Since the cold war's end, American soldiers have gotten increasingly involved in these "civic action" projects. The American military was a major player in the rebuilding of Bosnia, restoring war-decimated roads, buildings, and sewers. Because the U.S. active-duty Army has been cut 40% from the mid-1980s, Washington has called on reservists to take up the slack for these jobs. That's why the San Marcos operation is mostly staffed by part-timers, rotating through the tent-city base camp on their two-week annual training tours. If there's a lengthy ground war in Kosovo, though, odds are that future civic projects like San Marcos' would be curtailed.
In the 1990-91 Persian Gulf War where many of the San Marcos reservists served, their jobs weren't strictly humanitarian. As a Marine engineer, reservist Sergeant Richards cleared Iraqi minefields, using plastic explosives, so U.S. troops could pass. "We might have to do that again," he says grimly. Not surprisingly, he finds the peacetime Central American mission more rewarding because the Mayans are so grateful. In Saudi Arabia, suspicion toward America was rife, despite the fact that the troops were there to save them from Saddam Hussein. "In the gulf," says Richards, "we had to keep away from the local people."
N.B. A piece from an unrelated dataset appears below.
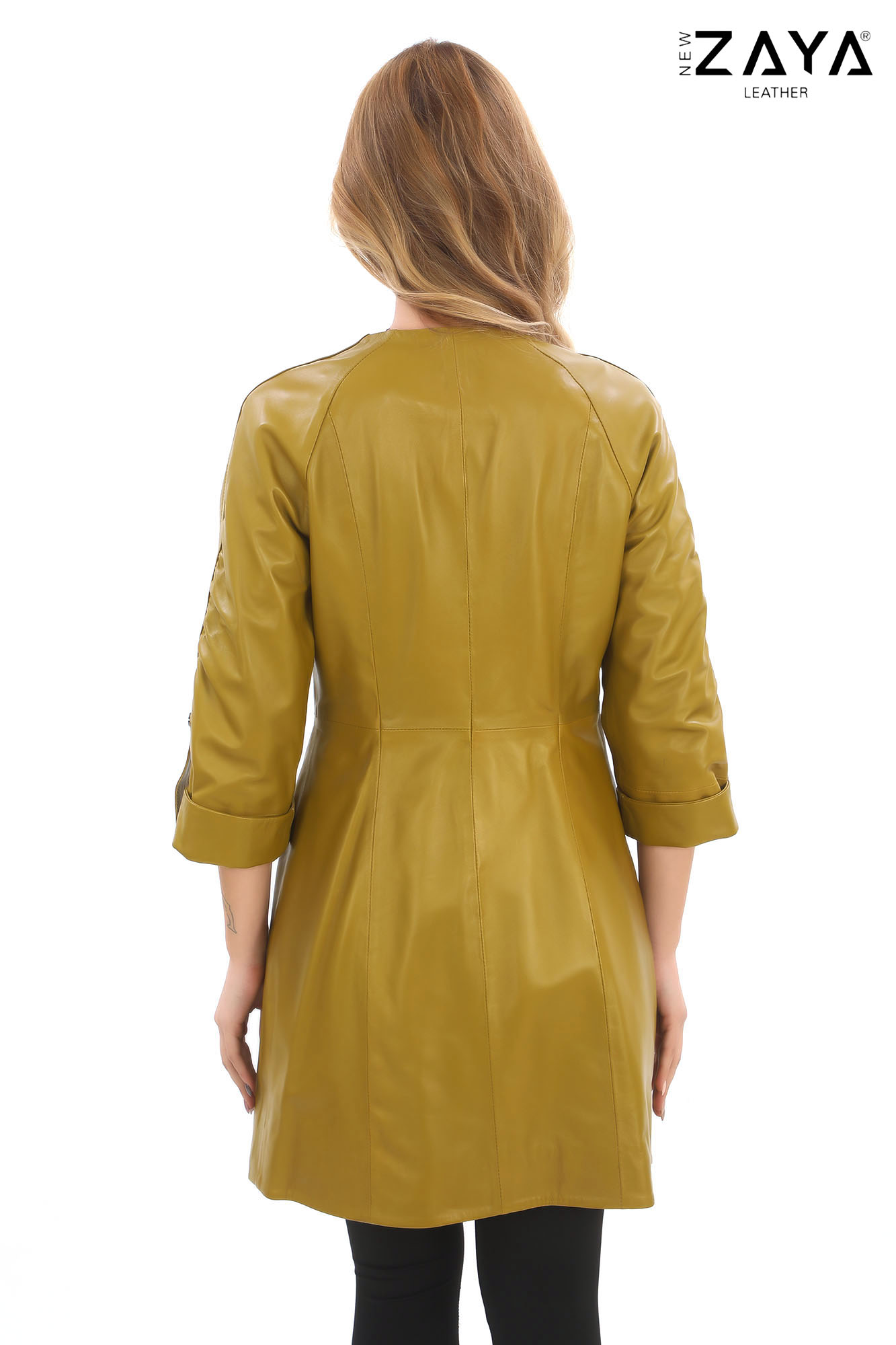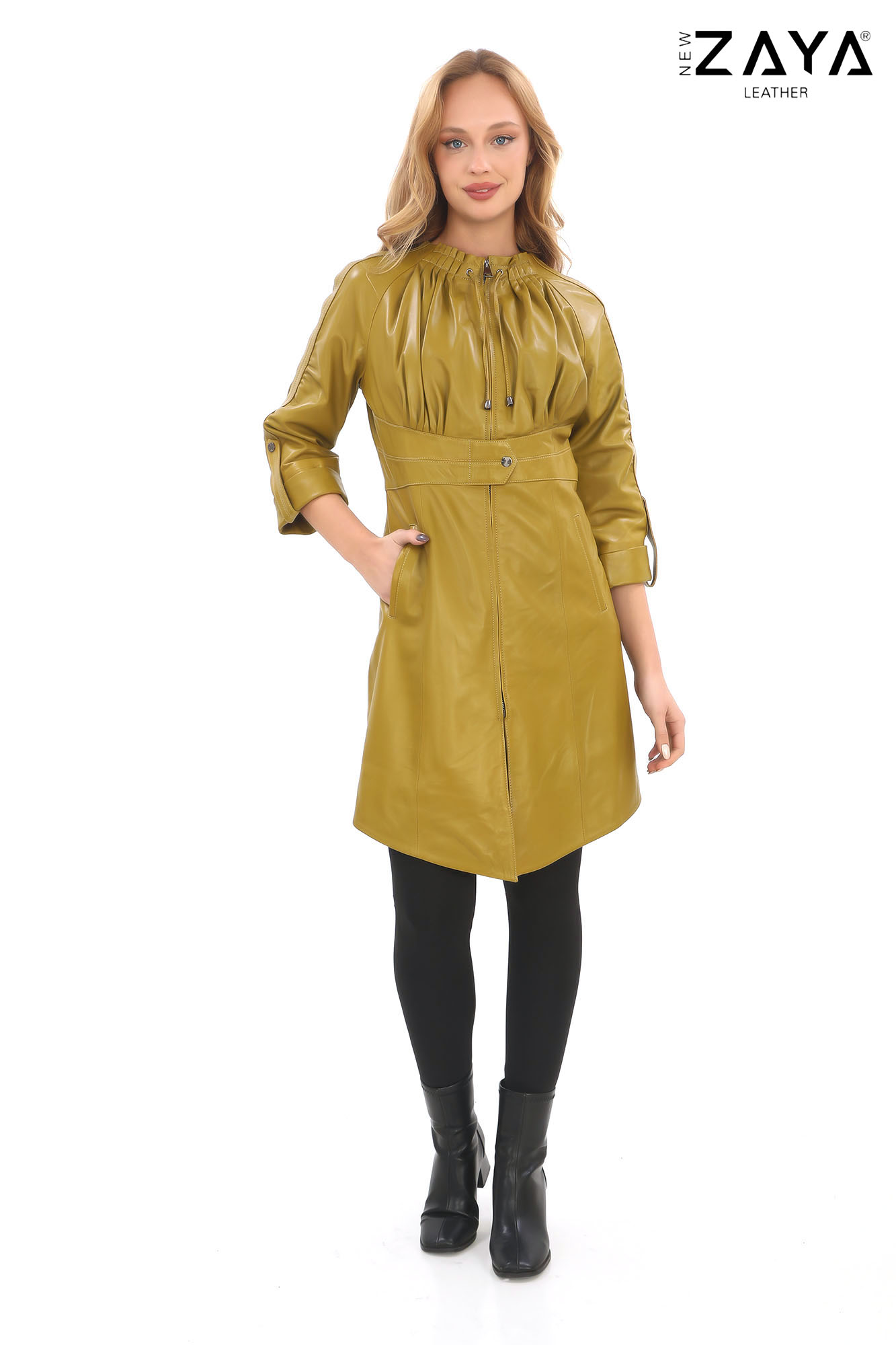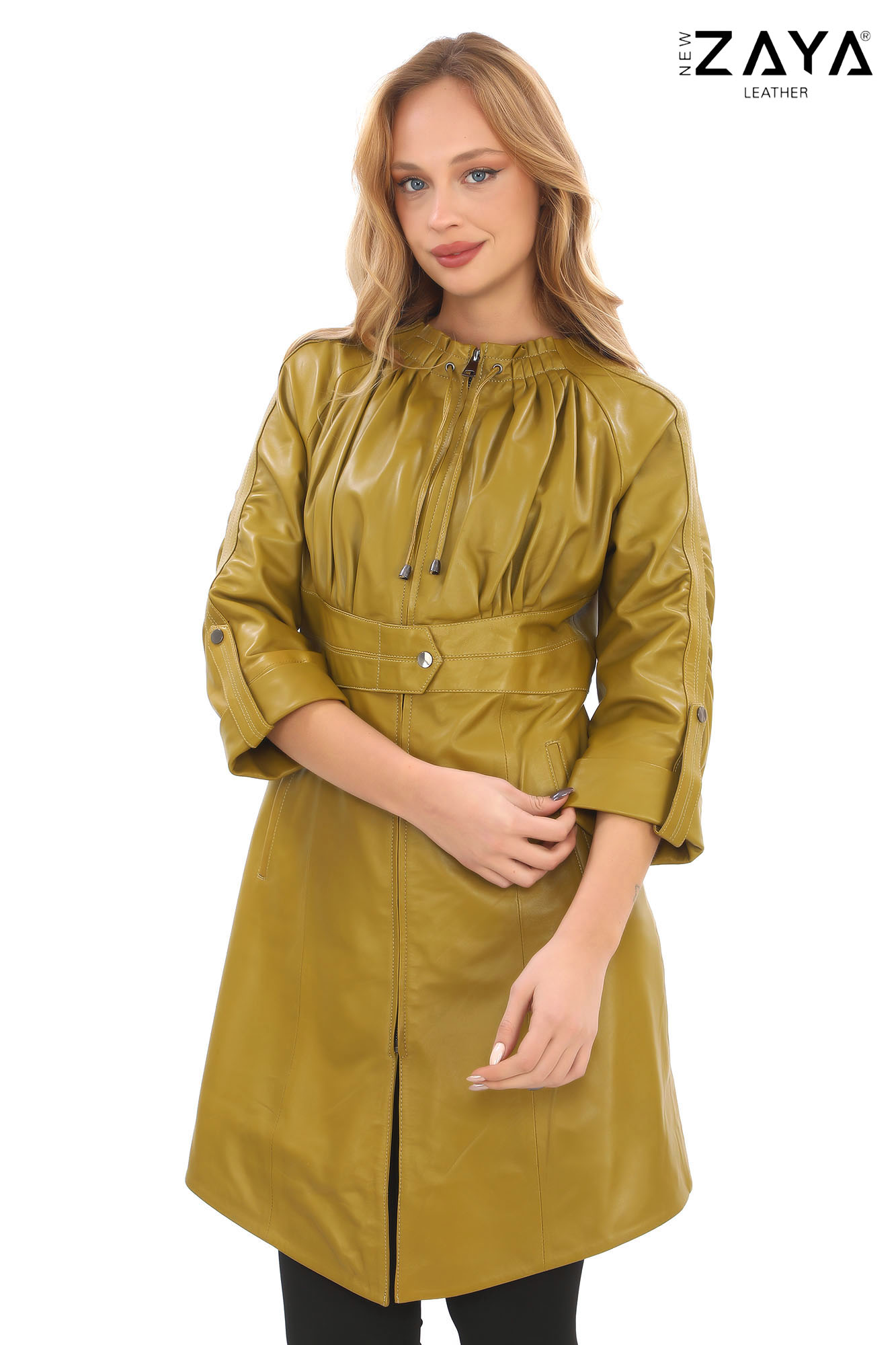 Göz alıcı detaylarıyla dikkat çeken bu kadın deri ceket, pileli yakası ve bele oturan kuşak detayıyla zarafeti modern bir çizgiyle buluşturuyor. Ayarlanabilir manşetli yarım kolları ve fermuarlı kapama sistemiyle hem şık hem de fonksiyonel bir kullanım sunar. Günlük kombinlerinize sofistike bir dokunuş eklemek isteyen kadınlar için özel olarak tasarlanmıştır.

DUST BOWL. One similarity to the Mideast is that the San Marcos environment doesn't make for pleasant duty. Flown into Guatemala City on cramped transport planes, the reservists must endure a seven-hour convoy over narrow, winding mountain roads bordered by sheer drops into craggy gorges. The base camp is 2,600 meters above sea level, and some job sites are at 3,350 meters. At those elevations, the thin air makes for shortness of breath and gives headaches to many new arrivals. It takes a few days to get acclimated.
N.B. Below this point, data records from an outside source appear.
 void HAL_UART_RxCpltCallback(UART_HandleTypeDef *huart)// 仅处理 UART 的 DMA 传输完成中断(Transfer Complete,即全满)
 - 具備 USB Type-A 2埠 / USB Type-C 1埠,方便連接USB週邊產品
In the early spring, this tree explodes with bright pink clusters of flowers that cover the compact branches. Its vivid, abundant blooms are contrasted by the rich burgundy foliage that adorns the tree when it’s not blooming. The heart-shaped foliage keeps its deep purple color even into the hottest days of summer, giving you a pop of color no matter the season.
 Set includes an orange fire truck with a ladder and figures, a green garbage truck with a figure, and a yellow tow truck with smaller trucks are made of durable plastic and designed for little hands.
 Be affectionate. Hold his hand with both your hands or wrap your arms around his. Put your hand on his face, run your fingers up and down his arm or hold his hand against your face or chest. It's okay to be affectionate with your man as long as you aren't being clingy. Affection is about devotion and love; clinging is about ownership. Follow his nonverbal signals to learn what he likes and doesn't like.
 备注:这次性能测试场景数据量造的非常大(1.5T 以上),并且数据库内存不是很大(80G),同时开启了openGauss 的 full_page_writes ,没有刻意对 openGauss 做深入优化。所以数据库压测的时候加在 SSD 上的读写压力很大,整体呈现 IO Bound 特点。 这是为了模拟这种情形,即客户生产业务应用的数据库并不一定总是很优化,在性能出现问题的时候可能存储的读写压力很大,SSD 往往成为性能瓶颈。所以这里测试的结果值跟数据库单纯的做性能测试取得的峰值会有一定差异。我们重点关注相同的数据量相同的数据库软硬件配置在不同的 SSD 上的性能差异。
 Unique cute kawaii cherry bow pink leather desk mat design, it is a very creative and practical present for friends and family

Another reason San Marcos is a harsh place is the ubiquitous dust. It comes from powdery soil, filled with ash from nearby Tajumulco and Tacana volcanos. Each footfall, even on grass, produces a dust plume. Look at a shaft of sunlight through a tent flap and you see a swirling universe of particles that end up in your lungs. Most troops develop chronic coughs. Keeping clean is a losing battle: A grimy film settles over boots, uniforms, and skin. "You get dirt under your nails automatically, without doing manual labor," says Major Gloria Massey, a nurse from Nyack, N.Y.
Construction work, never easy, becomes an ordeal in San Marcos. Traversing narrow village streets and twisting mountain roads is treacherous with heavy equipment, such as a six-ton road grader used to level ground for foundation laying. The soldiers can't wet the soil to hold down dust, as they do at home, because the water transforms the volcanic powder into a slippery sludge that doesn't let vehicles get tire traction.
Living in San Marcos year-round, the residents aren't a healthy bunch. The dust causes all manner of respiratory ailments. Their worst medical woes: parasites from the lousy water fetched out of streams, and skin conditions such as pellagra, caused by vitamin deficiencies. Tuberculosis and venereal diseases also are common. Nor is dental hygiene widespread; Army dentists average 40 tooth extractions per day. And army veterinarians treat horses, goats, and pigs for worms. Hispanic-American soldiers like Specialist Perla Fuentes, an accounting assistant in a New York investment firm, do the translating for U.S. medical folks. Says Fuentes: "They have no money, of course, and tell us: `God will repay you."'
Hassles and hardships aside, the reservists are glad to be helping out in San Marcos. "This may not be what you think of as a usual military mission," says Richards, "but it's a good one because we get to help people." Following a vicious war in which the U.S. had a hand, that's a fitting sentiment.